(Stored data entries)
******************************
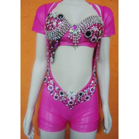 Pink & Stones Lycra Cirré Booty Shorty One Piece + Samba Gloves
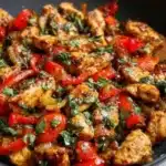 Now it’s time to bring everything together! Stir in the halved cherry tomatoes and let them cook for 2 minutes, allowing their juices to mingle with the other ingredients. Return the chicken to the skillet and add the fresh spinach along with the remaining oregano, red pepper flakes, and any additional salt and pepper. Toss everything together and cook for another 2-3 minutes until the spinach wilts down.
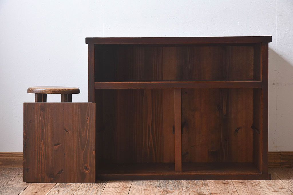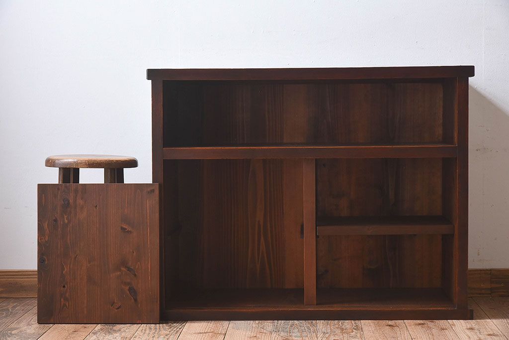 ラフジュ工房> キャビネット・戸棚> 本箱 > レトロ家具 和製アンティーク レトロなガラス入り収納棚(戸棚、食器棚、本箱)
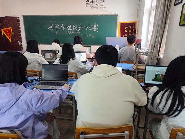 大赛紧密对接园林景观设计师、园林绿化工程师等职业标准,要求选手在4小时内完成一套完整的庭院景观设计方案。参赛团队需熟练运用AutoCAD、Photoshop、SketchUp等专业设计软件,提交包含彩色平面图、鸟瞰效果图及全套施工图的综合性作品。比赛现场,选手们全神贯注、争分夺秒,将课堂所学的园林设计、植物造景、工程施工等核心知识转化为实际方案,充分体现了理论与实践的高度融合。
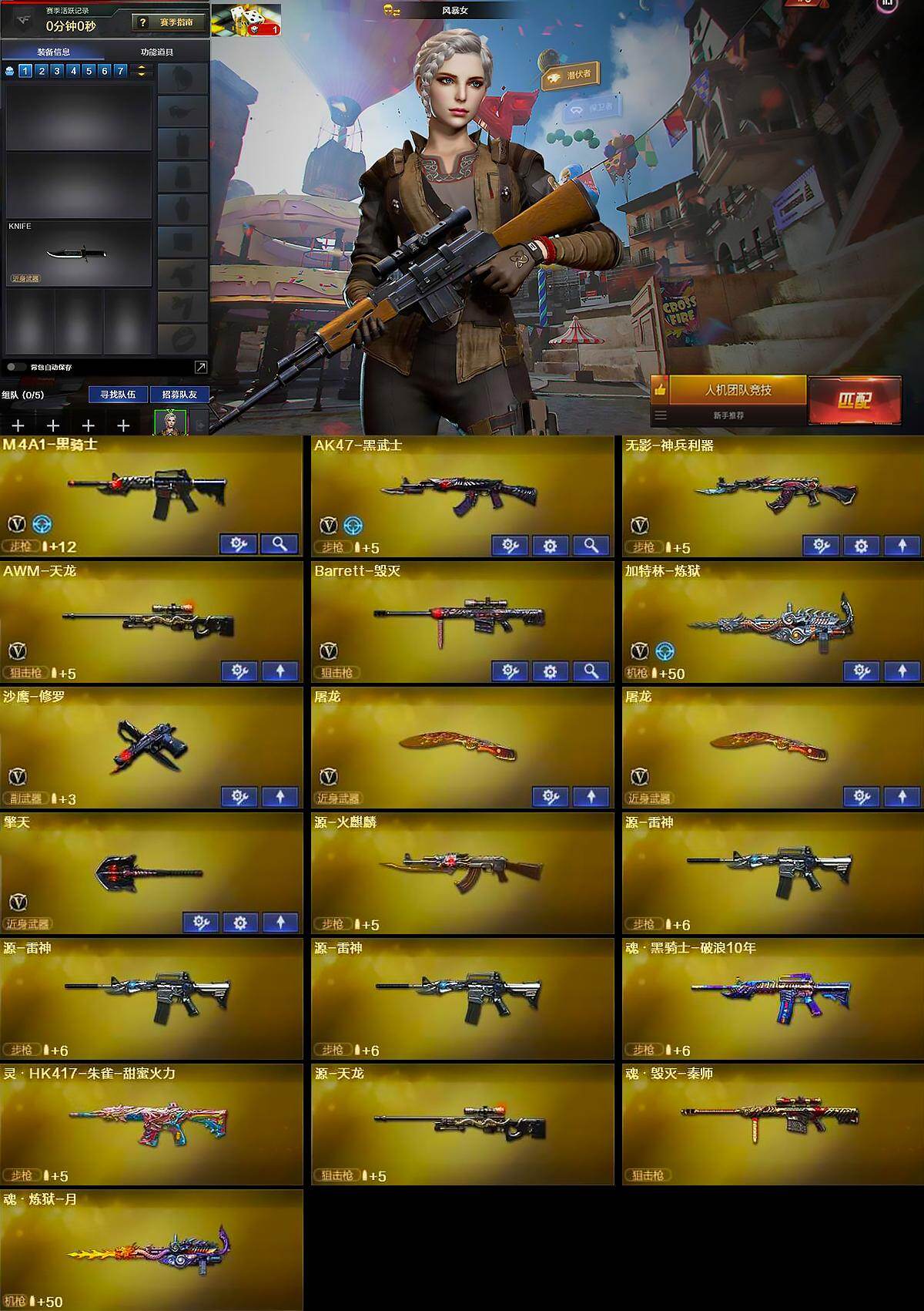 【英雄级武器】:M4A1-黑骑士,AK47-黑武士,无影-神兵利器,AWM-天龙,Barrett-毁灭,加特林-炼狱,沙鹰-修罗,屠龙*2,擎天
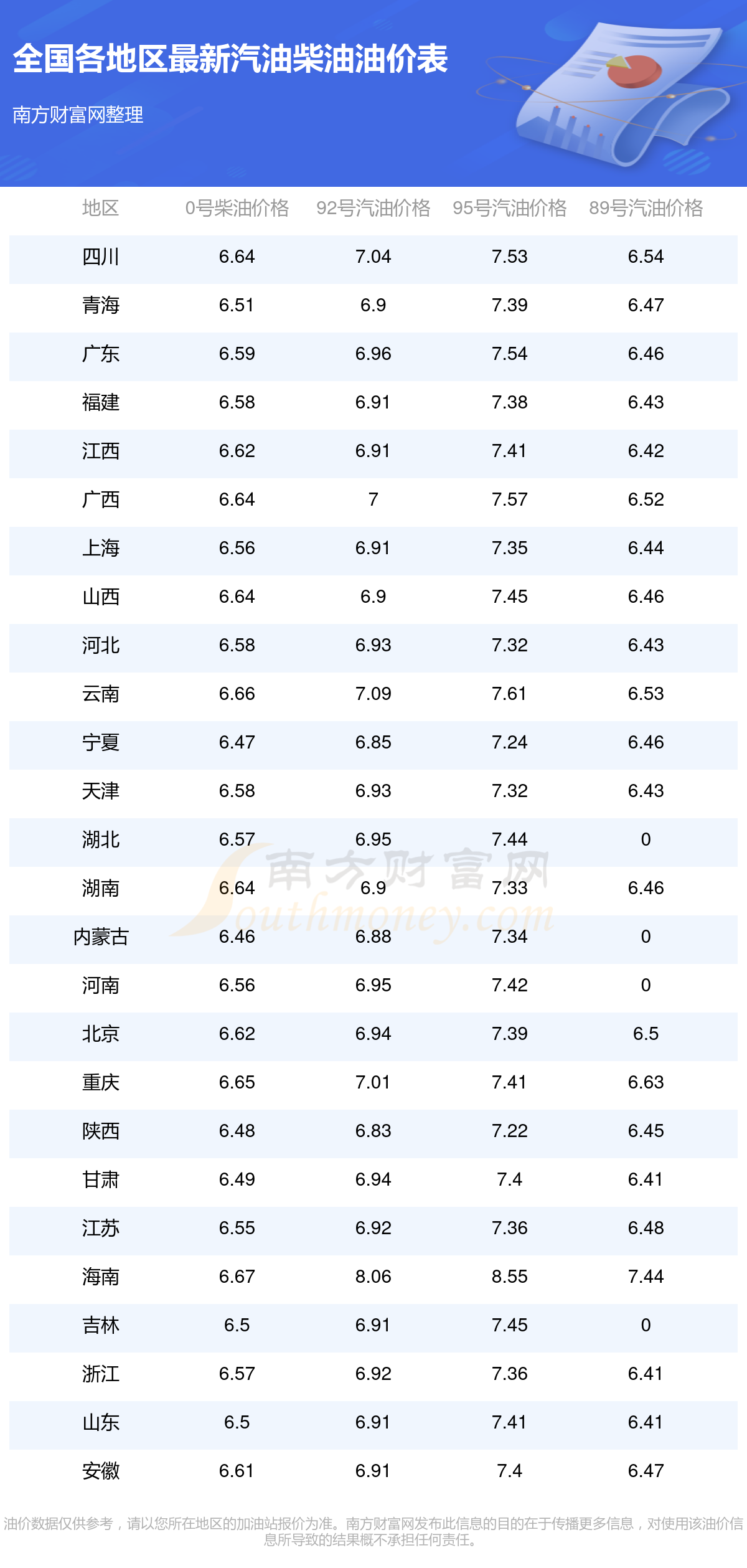 全國89號汽油最新平均價(jià)格為:7元每升,其中,最低為浙江,價(jià)格為6.41元/升,最高為海南,價(jià)格為7.44元/升。
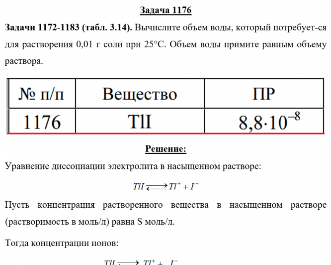 Задача 1176 - Вычислите объем воды, который потребуется для растворения 0,01 г соли при 25°С. Объем воды примите равным объему раствора.
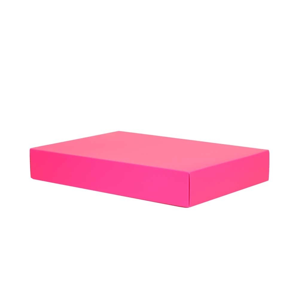 Luxe tweedelige geschenkdoos gemaakt van 500 g/m² roze mat gelamineerd karton. De luxe geschenkdoos wordt plano (ruimtebesparend) in 2 delen geleverd en is eenvoudig te assembleren.
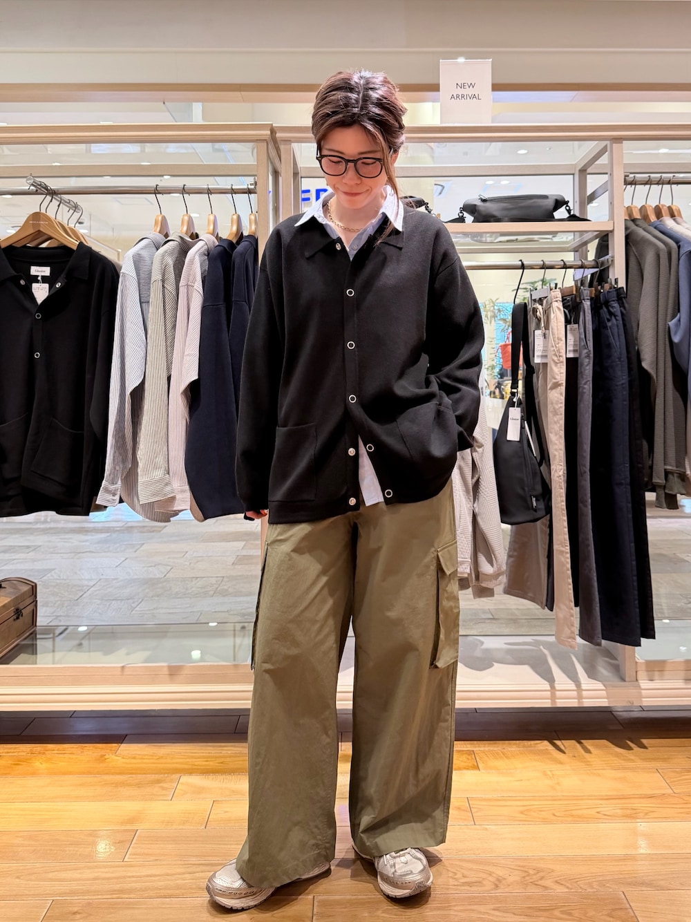 ポロニットコーデ🧶 メンズアイテムでS,M,Lサイズ展開! 身幅広めでゆったり着れます! スカートはどんな形でも合わせやすいです!
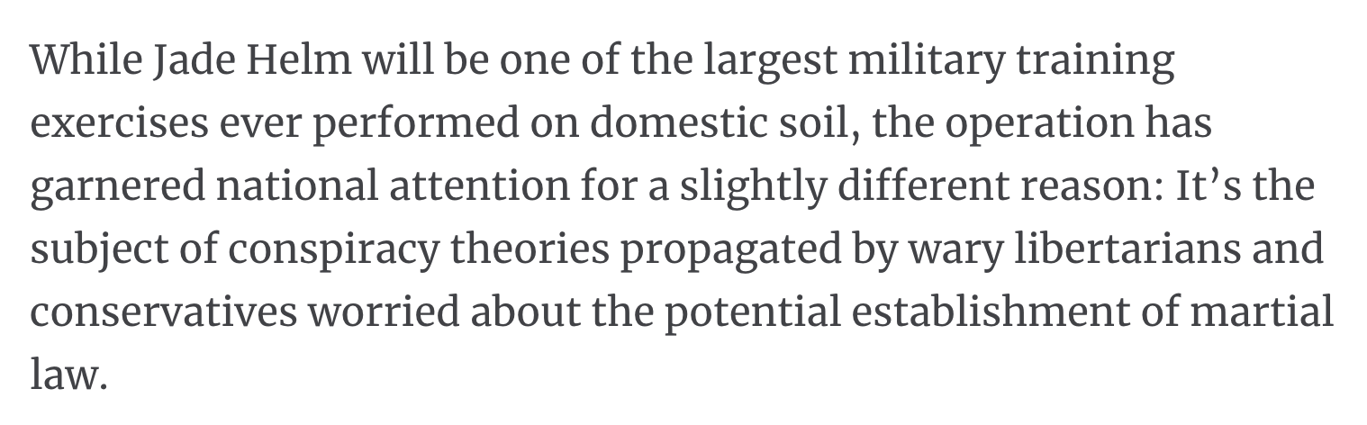 Recall Jade Helm, the biggest military drill in history on U.S. soil, simulating lockdown situations.  That took place not long ago, in 2015.
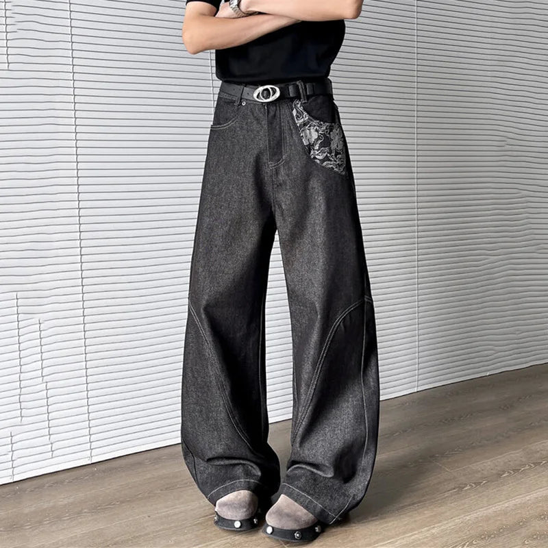 HEARUJOY - New Summer Men's Denim Pants Jacquard Patchwork Contrast Color 2025 Trousers Straight Leg Loose Male Boot-cut Jeans
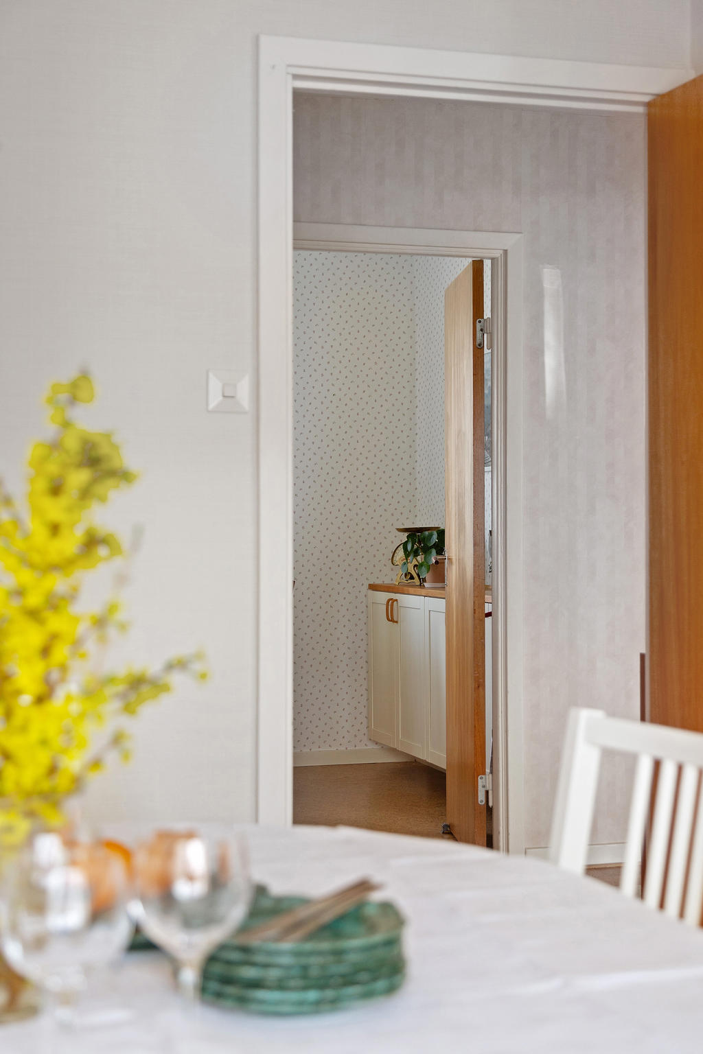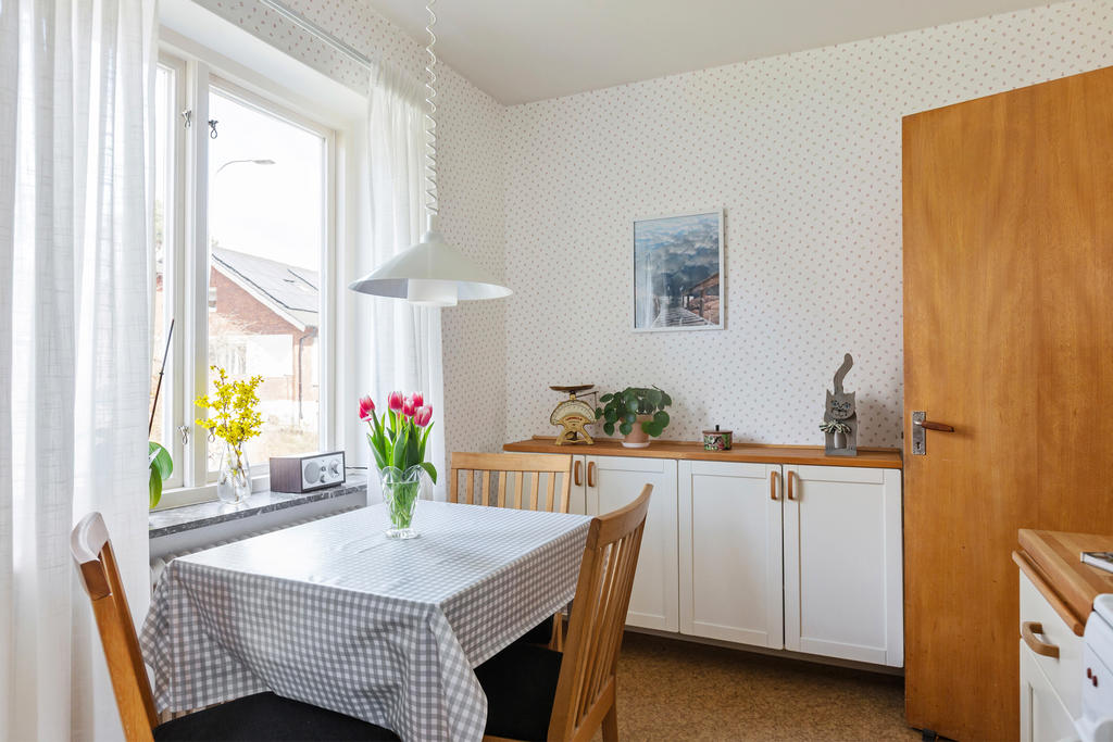 Matsalen inbjuder till stora middagar och festliga tillfällen, med möjlighet att öppna upp mot vardagsrummet och skapa plats för långbord när gästerna blir många. Till vardags samlas man gärna i det trivsamma köket – hemmets hjärta där samtalen får ta plats.
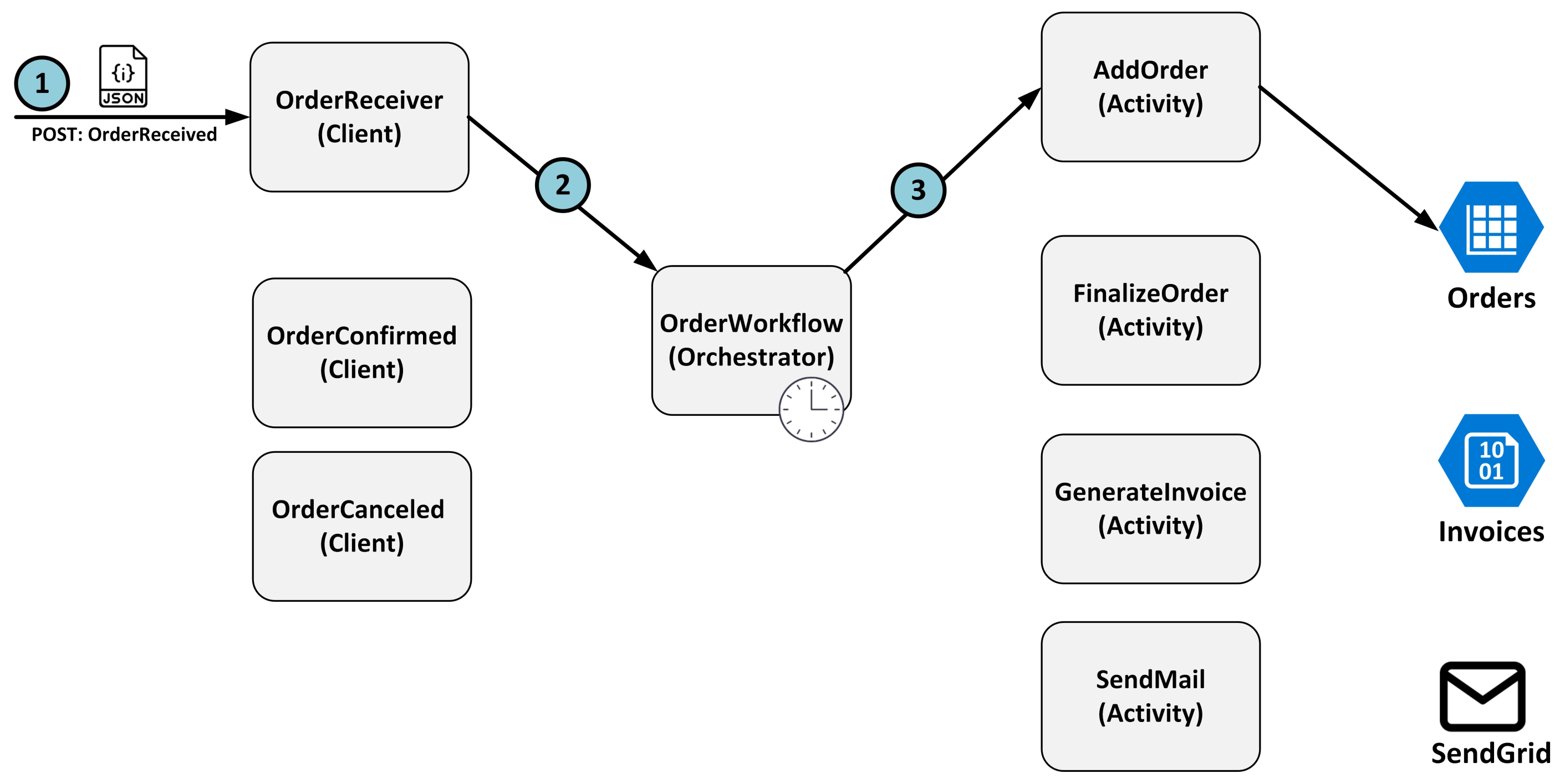 [FunctionName(FunctionNames.OrderReceiverFunction)]public static async Task<HttpResponseMessage> Run([HttpTrigger(AuthorizationLevel.Function, "post")] HttpRequestMessage req, [OrchestrationClient] DurableOrchestrationClient starter, ILogger log){ string instanceId = null; var orderDto = await ReadOrderFromRequestAsync(req); if (orderDto != null && orderDto.IsValid()) { var order = orderDto.ToOrder(); instanceId = await starter.StartNewAsync(FunctionNames.OrderWorkflowFunction, order.Id, ...
******************************
Exact copy, no pictures: reproduce every record above.

 Pink & Stones Lycra Cirré Booty Shorty One Piece + Samba Gloves
 Now it’s time to bring everything together! Stir in the halved cherry tomatoes and let them cook for 2 minutes, allowing their juices to mingle with the other ingredients. Return the chicken to the skillet and add the fresh spinach along with the remaining oregano, red pepper flakes, and any additional salt and pepper. Toss everything together and cook for another 2-3 minutes until the spinach wilts down.
 ラフジュ工房> キャビネット・戸棚> 本箱 > レトロ家具 和製アンティーク レトロなガラス入り収納棚(戸棚、食器棚、本箱)
 大赛紧密对接园林景观设计师、园林绿化工程师等职业标准,要求选手在4小时内完成一套完整的庭院景观设计方案。参赛团队需熟练运用AutoCAD、Photoshop、SketchUp等专业设计软件,提交包含彩色平面图、鸟瞰效果图及全套施工图的综合性作品。比赛现场,选手们全神贯注、争分夺秒,将课堂所学的园林设计、植物造景、工程施工等核心知识转化为实际方案,充分体现了理论与实践的高度融合。
 【英雄级武器】:M4A1-黑骑士,AK47-黑武士,无影-神兵利器,AWM-天龙,Barrett-毁灭,加特林-炼狱,沙鹰-修罗,屠龙*2,擎天
 全國89號汽油最新平均價(jià)格為:7元每升,其中,最低為浙江,價(jià)格為6.41元/升,最高為海南,價(jià)格為7.44元/升。
 Задача 1176 - Вычислите объем воды, который потребуется для растворения 0,01 г соли при 25°С. Объем воды примите равным объему раствора.
 Luxe tweedelige geschenkdoos gemaakt van 500 g/m² roze mat gelamineerd karton. De luxe geschenkdoos wordt plano (ruimtebesparend) in 2 delen geleverd en is eenvoudig te assembleren.
 ポロニットコーデ🧶 メンズアイテムでS,M,Lサイズ展開! 身幅広めでゆったり着れます! スカートはどんな形でも合わせやすいです!
 Recall Jade Helm, the biggest military drill in history on U.S. soil, simulating lockdown situations.  That took place not long ago, in 2015.
 HEARUJOY - New Summer Men's Denim Pants Jacquard Patchwork Contrast Color 2025 Trousers Straight Leg Loose Male Boot-cut Jeans
 Matsalen inbjuder till stora middagar och festliga tillfällen, med möjlighet att öppna upp mot vardagsrummet och skapa plats för långbord när gästerna blir många. Till vardags samlas man gärna i det trivsamma köket – hemmets hjärta där samtalen får ta plats.
 [FunctionName(FunctionNames.OrderReceiverFunction)]public static async Task<HttpResponseMessage> Run([HttpTrigger(AuthorizationLevel.Function, "post")] HttpRequestMessage req, [OrchestrationClient] DurableOrchestrationClient starter, ILogger log){ string instanceId = null; var orderDto = await ReadOrderFromRequestAsync(req); if (orderDto != null && orderDto.IsValid()) { var order = orderDto.ToOrder(); instanceId = await starter.StartNewAsync(FunctionNames.OrderWorkflowFunction, order.Id, ...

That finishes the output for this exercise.